__WORK INSTRUCTION__.
Pictures are not part of the answer. Write out exactly the lines from the one containing "②織造時(shí)要求經(j" through the end of the material below.

__DATASET EXCERPT__.
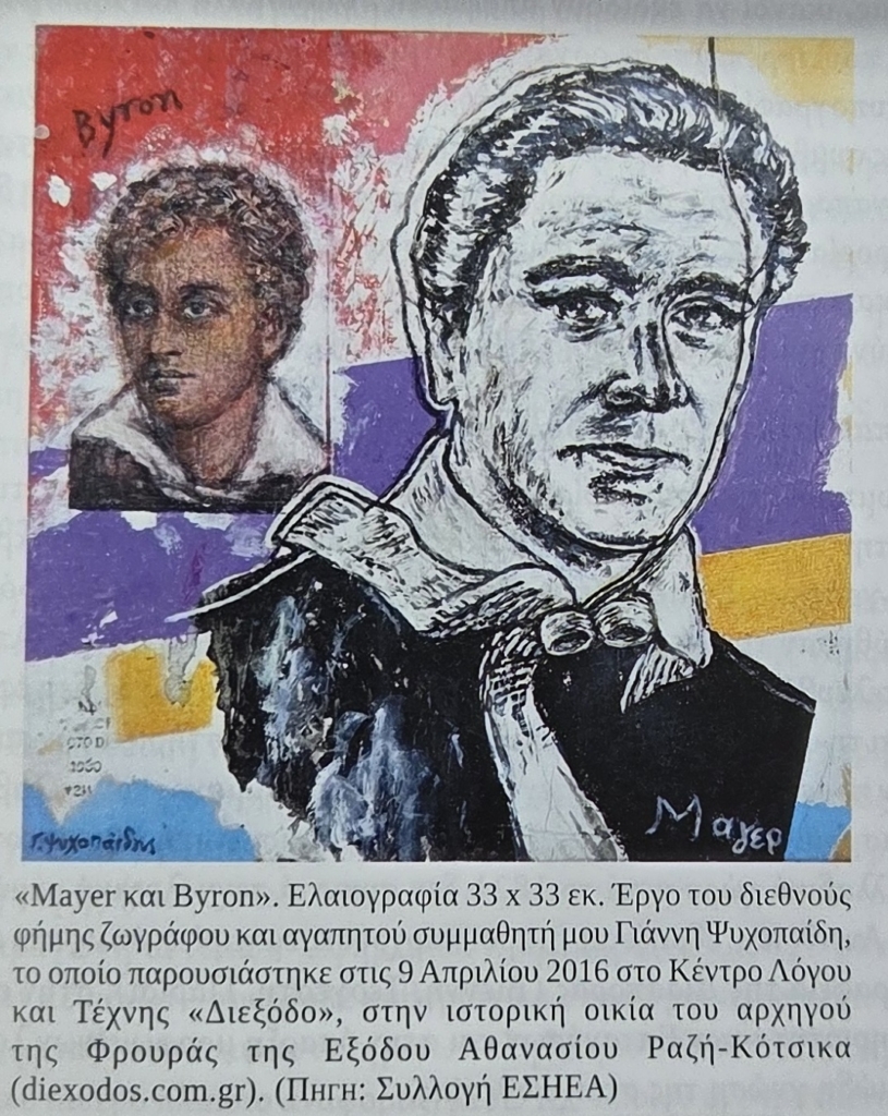 Στην σελίδα 97 υπάρχει αναφορά στον Γιάννη Ψυχοπαίδη για την ελαιογραφία του “Mayer και Byron”
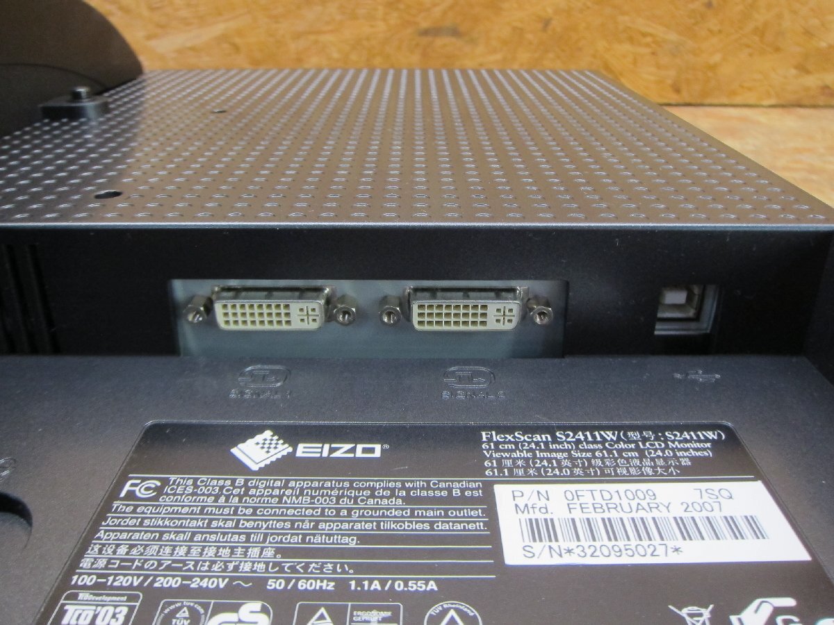 EIZO・FlexScan S2411W 24.1インチ液晶モニター ーーーーーーーーーーーーーーーーーー ●メーカー :EIZO ●型 番:FlexScan S2411W ●品 名:24.1インチ液晶カラーモニター ●解 像 度:WUXGA(1920x1200) ●端 子:DVI ーーーーーーーーーーーーーーーーーー ●使用時間 :19533H ーーーーーーーーーーーーーーーーーー ●使用時間は動作確認上、若干使用時間が増える場合もあります。 ●DVI接続の動作を確認済みです。その他の端子は確認しておりません。 ●液晶表示はシミ、モヤなどは見当たらず発色良好です。 ●ドット抜けなどはパッと見た感じでは見受けられません。 ◎付属品 ACケーブル、DVIケーブル ※上記記載以外の付属品はありません。 ◎外観について 本商品は中古品です。経年・使用に伴う擦り傷/汚れがあります 外観等を著しく気になさる方や新品に近い美品をご希望の方はご遠慮ください ◎液晶画面について注意事項 ・モニタのドット欠け/常時点灯に関しては、当方の見落とし、配送の段階で発生することもありますので 位置に関係なく保証対象外とさせて頂きます。予め理解願います。 現段階ではドット欠け・常時点灯はありませんが小さな物等は発見困難ですのでご理解ください。 ・非常に優れたモニターだと思いますが、色彩表現に厳密な正確性を求める方にはお勧めしません。 ●詳しい仕様等、商品についてはメーカーサイトなどをご参照ください ●動作確認は簡単なチェックまでです。全ての機能を確認したわけではありません ※保証期間内であっても,水没・落下などお客様が原因で起こった不具合は保証対象外です
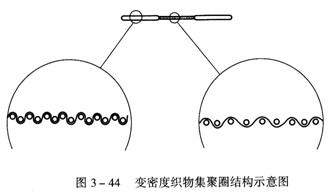 ②織造時(shí)要求經(jīng)緯紗交織均勻,這樣才能保證集聚圈形狀規(guī)則、表面光潔、孔隙分布均勻。但是,選用的長(zhǎng)絲細(xì)且光滑,在織造過程中容易發(fā)生經(jīng)紗滑移和斷頭,破壞織物外觀效果和內(nèi)在質(zhì)量。
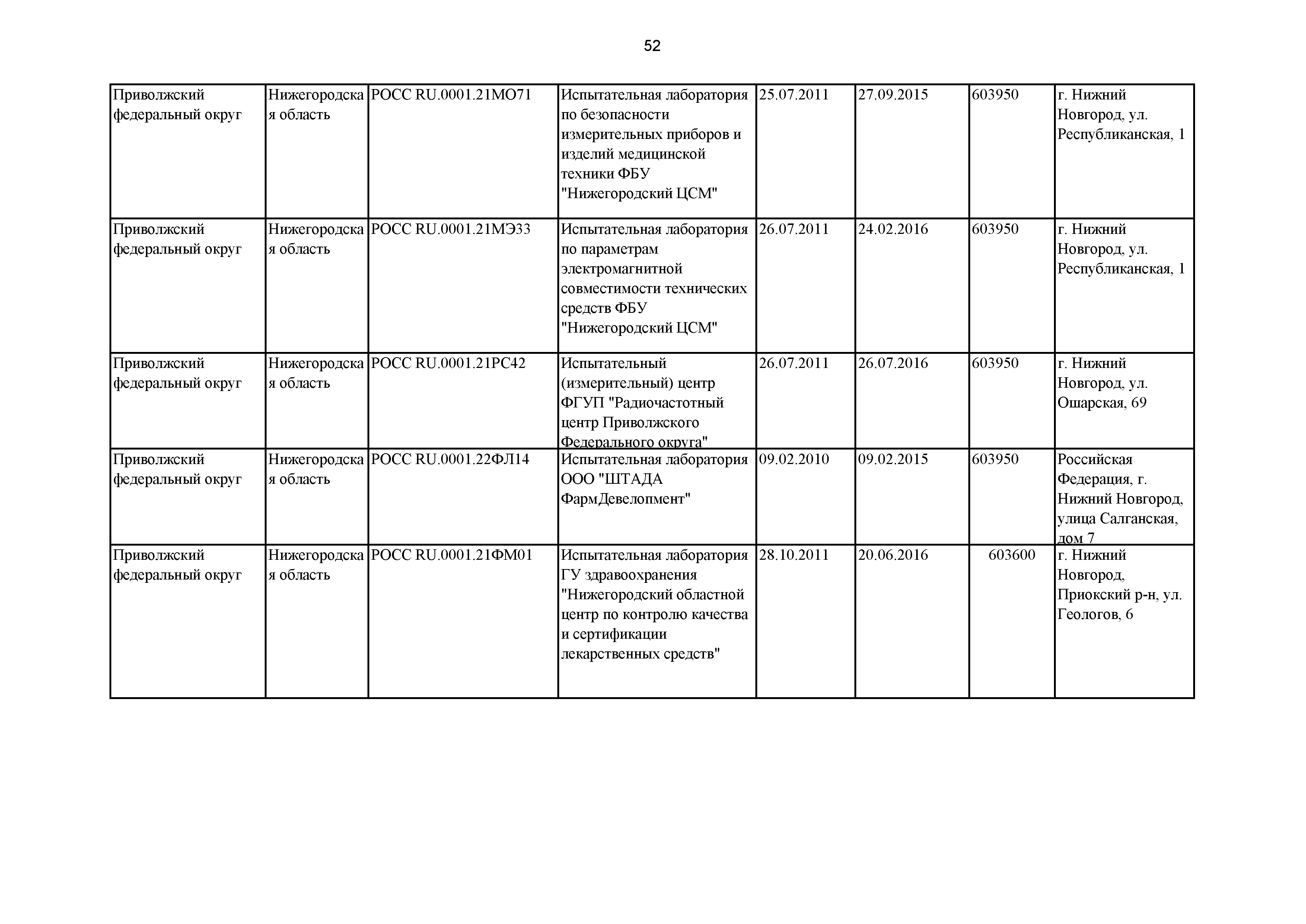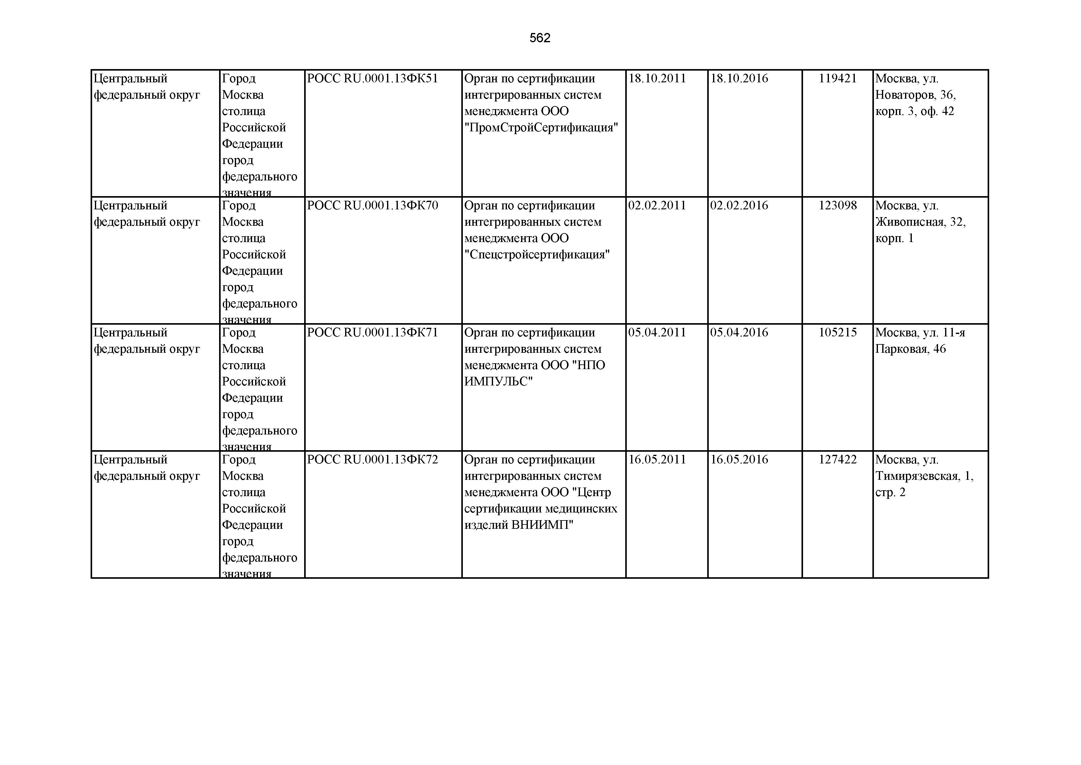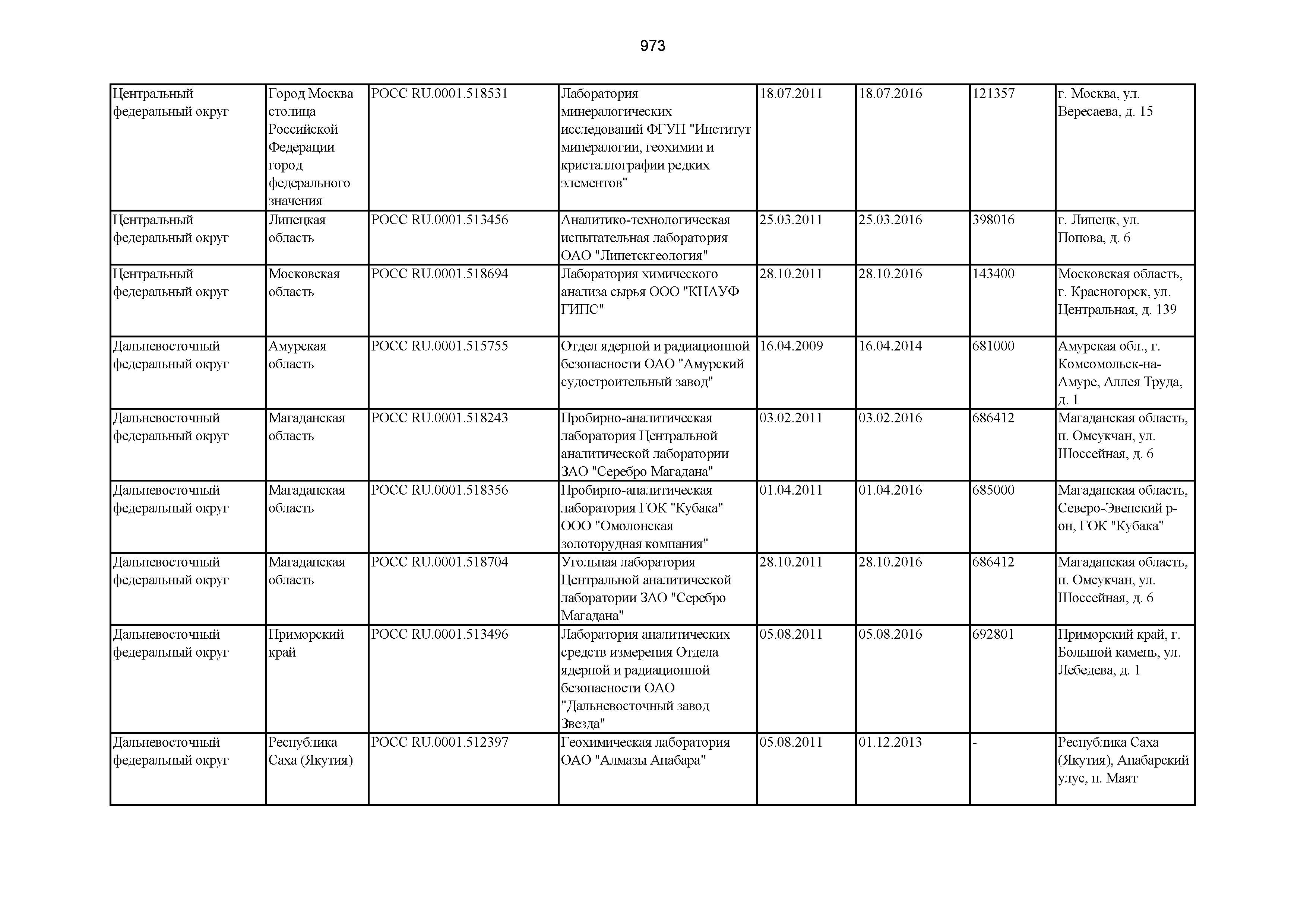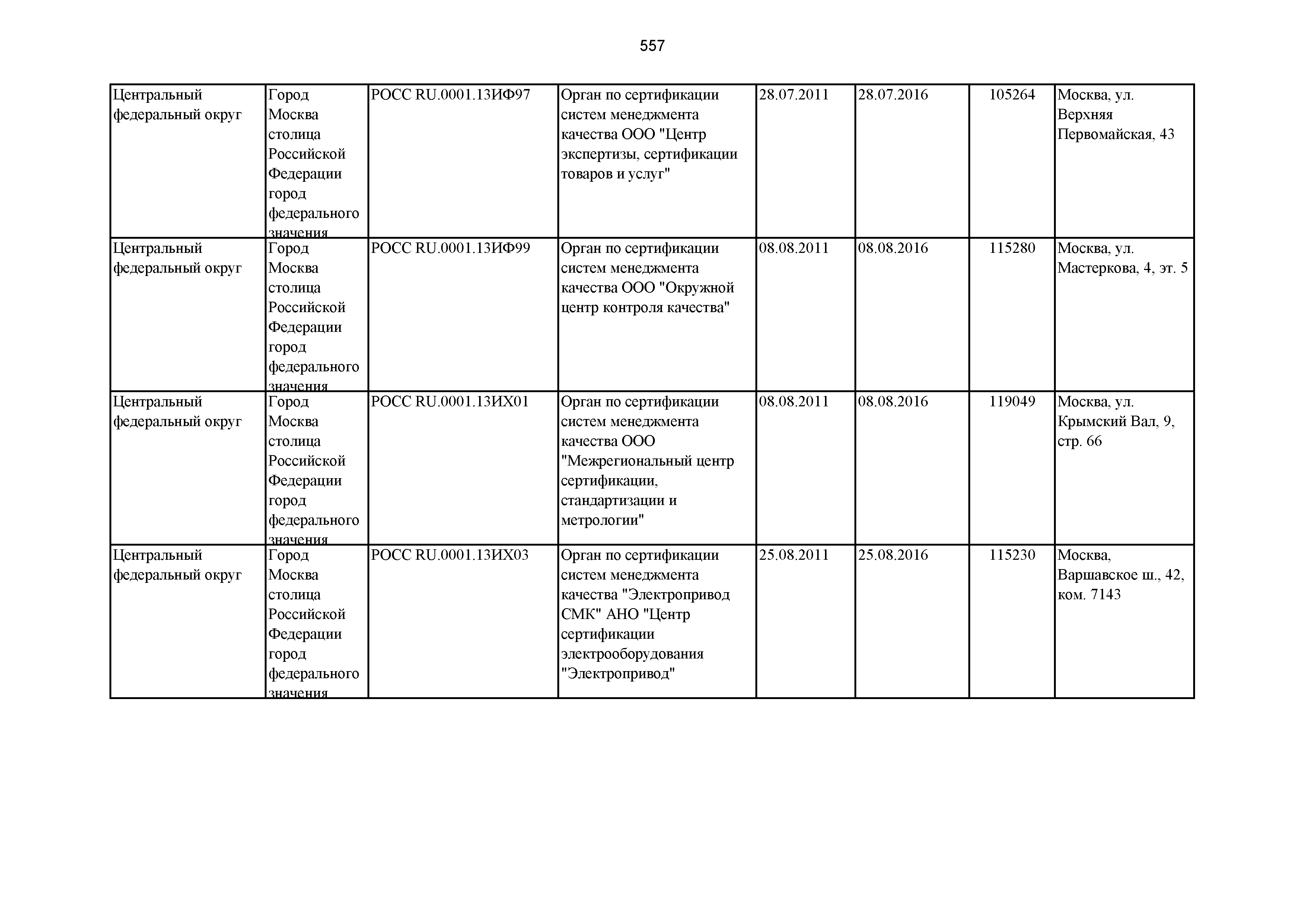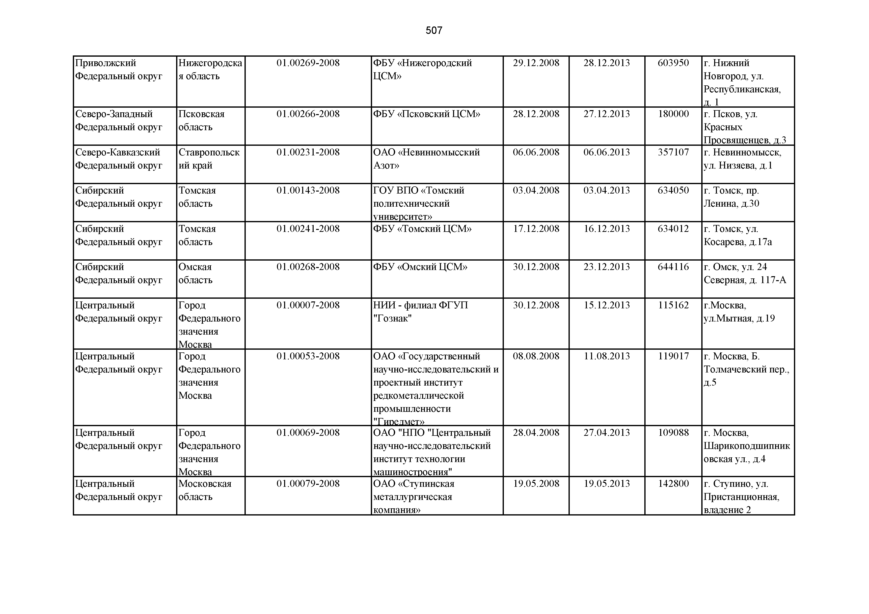 | Оглавление: | Приложение 1. План инспекционного контроля деятельности аккредитованных испытательных лабораторий (центров) и метрологической службы на 2012 год Приложение 2. План инспекционного контроля деятельности аккредитованных Органов по сертификации на 2012 год Приложение 3. План инспекционного контроля деятельности аналитических лабораторий (центров) на 2012 год Приложение 4. План инспекционного контроля в области обеспечения пожарной безопасности на 2012 год Приложение 5. План инспекционного контроля в области связи на 2012 год Приложение 6. План инспекционного контроля в области железнодорожного транспорта на 2012 год |

__ANSWER SECTION__.
 ②織造時(shí)要求經(jīng)緯紗交織均勻,這樣才能保證集聚圈形狀規(guī)則、表面光潔、孔隙分布均勻。但是,選用的長(zhǎng)絲細(xì)且光滑,在織造過程中容易發(fā)生經(jīng)紗滑移和斷頭,破壞織物外觀效果和內(nèi)在質(zhì)量。
 | Оглавление: | Приложение 1. План инспекционного контроля деятельности аккредитованных испытательных лабораторий (центров) и метрологической службы на 2012 год Приложение 2. План инспекционного контроля деятельности аккредитованных Органов по сертификации на 2012 год Приложение 3. План инспекционного контроля деятельности аналитических лабораторий (центров) на 2012 год Приложение 4. План инспекционного контроля в области обеспечения пожарной безопасности на 2012 год Приложение 5. План инспекционного контроля в области связи на 2012 год Приложение 6. План инспекционного контроля в области железнодорожного транспорта на 2012 год |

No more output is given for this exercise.